- [Work task]: Everything in the entries below must be output exactly, apart from the pictures.

- [Records for processing]:
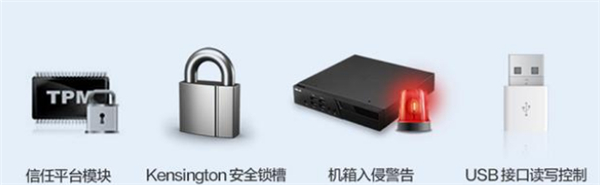 机身背面还设置了一个Kensington防盗锁孔,实际上,在安全方面,华硕PB62不仅仅是提供了一个锁孔那么简单。它还具备了机箱入侵警告,在机箱在上次开机后被开启,它会发出警示。另外,对于USB接口的读写,也提供了相应的控制功能,以确保更加安全的使用体验。
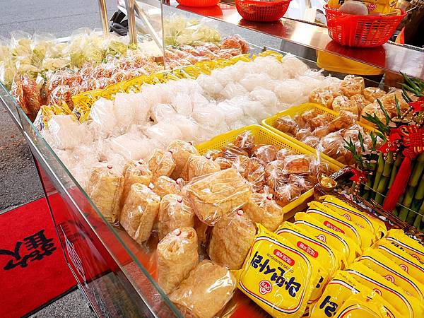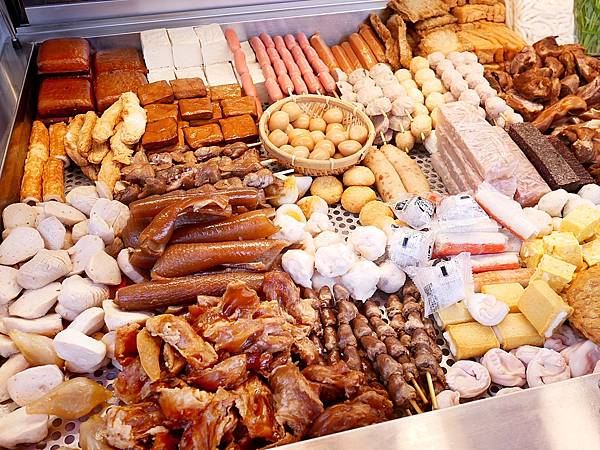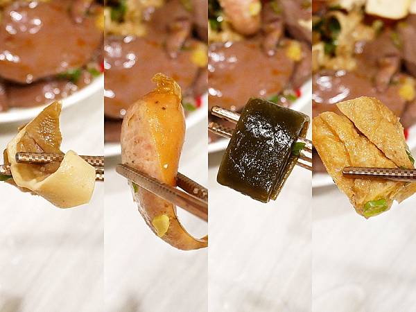 食材一字排開放在櫃內,有微微感受到涼涼的空氣,讓食材能保持在低溫的新鮮狀態。肉食、內臟類看起來都是有滷過的,滷到滿上色很誘人,但店家的肉食、內臟都是用秤重計價,通常我比較不愛秤重的,很容易不小心就夾到超出預算金額。
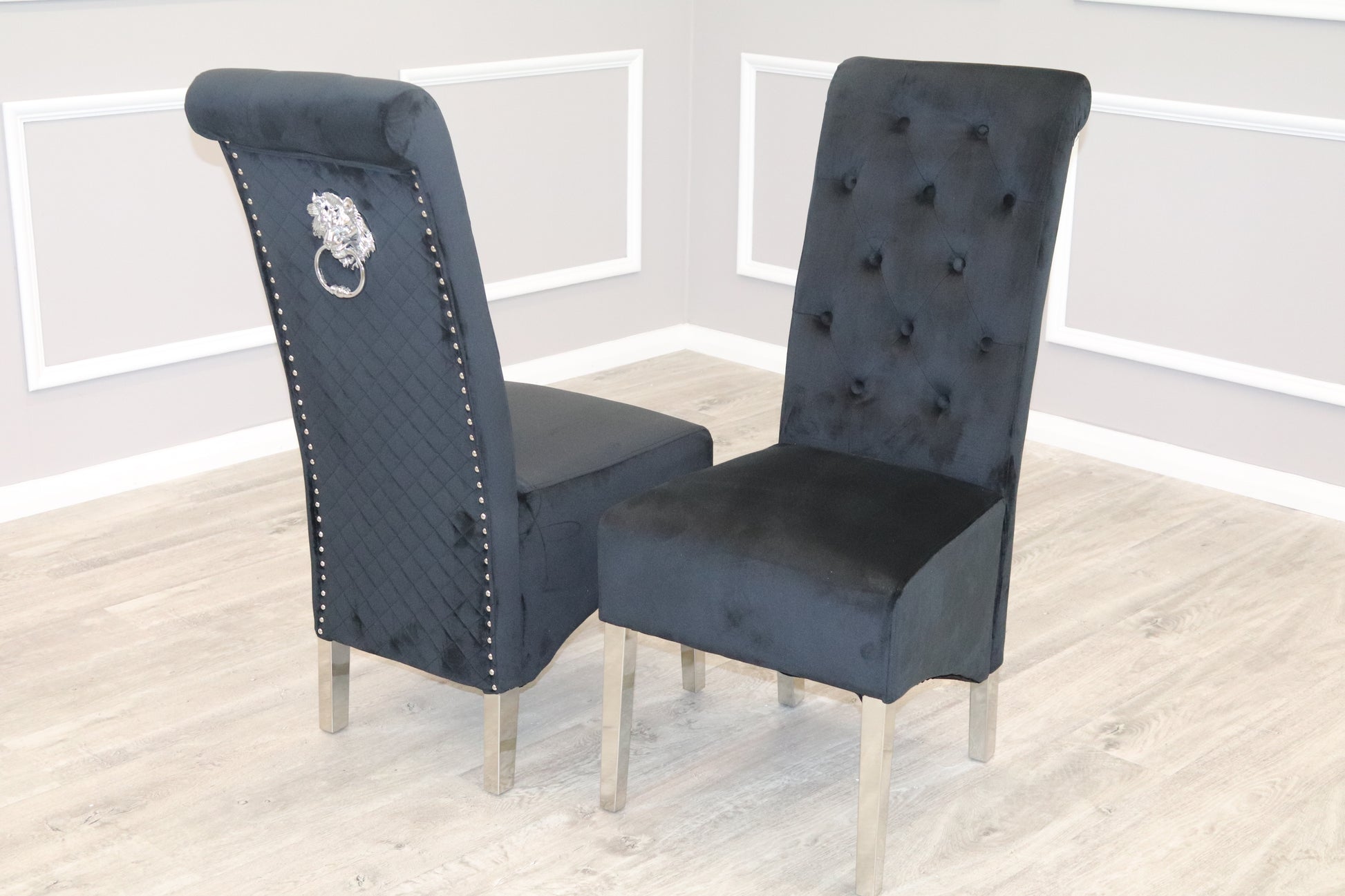 Elevate your dining experience with the Emma Dining Chair, the epitome of class and sophistication. Upholstered in luxurious soft velvet, this chair boasts a stunning tall scroll top adorned with buttoned detailing for an elegant touch. The striking chrome lion knocker enhances the quilted stitched back, making it a true statement piece. Perfect for adding a refined charm to any dining space, the Emma Dining Chair beautifully combines comfort and style, ensuring your dining area is both inviting and stylish.
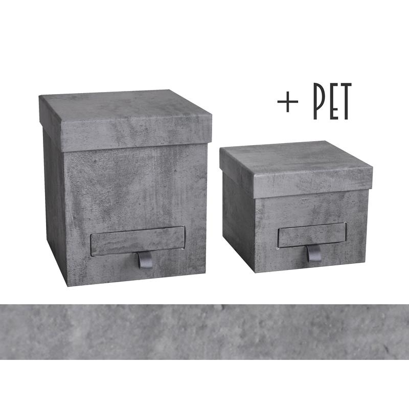 SADA PAPIEROVÝCH ŠKATÚĽ, 2 KUSY, SO ZÁSUVKAMI, BETÓNOVÁ SIVÁ
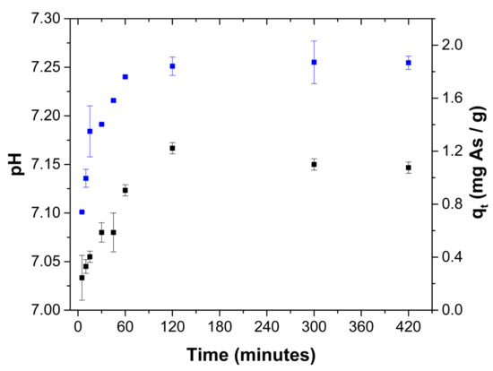 Chitosan-impregnated magnetic Fe3O4 nanoparticles have been studied for arsenic removal from aqueous systems, in a batch system at a pH of 6.8; maximum adsorption capacities of 35.3 and 25.7 mg As/g adsorbent were obtained for As(III) and As(V), respectively [30]. Arsenate was removed from the aqueous system using magnetite in a batch system at an initial pH of 7.9, where a maximum adsorption capacity of 3.65 mg As/g was obtained [6]. Magnetite is an iron oxide that has been an object of interest in water treatment research due to its biocompatibility, low-toxicity, magnetic property, low-cost, and its high affinity to arsenic species [31,32].

- [Result below]:
 机身背面还设置了一个Kensington防盗锁孔,实际上,在安全方面,华硕PB62不仅仅是提供了一个锁孔那么简单。它还具备了机箱入侵警告,在机箱在上次开机后被开启,它会发出警示。另外,对于USB接口的读写,也提供了相应的控制功能,以确保更加安全的使用体验。
 食材一字排開放在櫃內,有微微感受到涼涼的空氣,讓食材能保持在低溫的新鮮狀態。肉食、內臟類看起來都是有滷過的,滷到滿上色很誘人,但店家的肉食、內臟都是用秤重計價,通常我比較不愛秤重的,很容易不小心就夾到超出預算金額。
 Elevate your dining experience with the Emma Dining Chair, the epitome of class and sophistication. Upholstered in luxurious soft velvet, this chair boasts a stunning tall scroll top adorned with buttoned detailing for an elegant touch. The striking chrome lion knocker enhances the quilted stitched back, making it a true statement piece. Perfect for adding a refined charm to any dining space, the Emma Dining Chair beautifully combines comfort and style, ensuring your dining area is both inviting and stylish.
 SADA PAPIEROVÝCH ŠKATÚĽ, 2 KUSY, SO ZÁSUVKAMI, BETÓNOVÁ SIVÁ
 Chitosan-impregnated magnetic Fe3O4 nanoparticles have been studied for arsenic removal from aqueous systems, in a batch system at a pH of 6.8; maximum adsorption capacities of 35.3 and 25.7 mg As/g adsorbent were obtained for As(III) and As(V), respectively [30]. Arsenate was removed from the aqueous system using magnetite in a batch system at an initial pH of 7.9, where a maximum adsorption capacity of 3.65 mg As/g was obtained [6]. Magnetite is an iron oxide that has been an object of interest in water treatment research due to its biocompatibility, low-toxicity, magnetic property, low-cost, and its high affinity to arsenic species [31,32].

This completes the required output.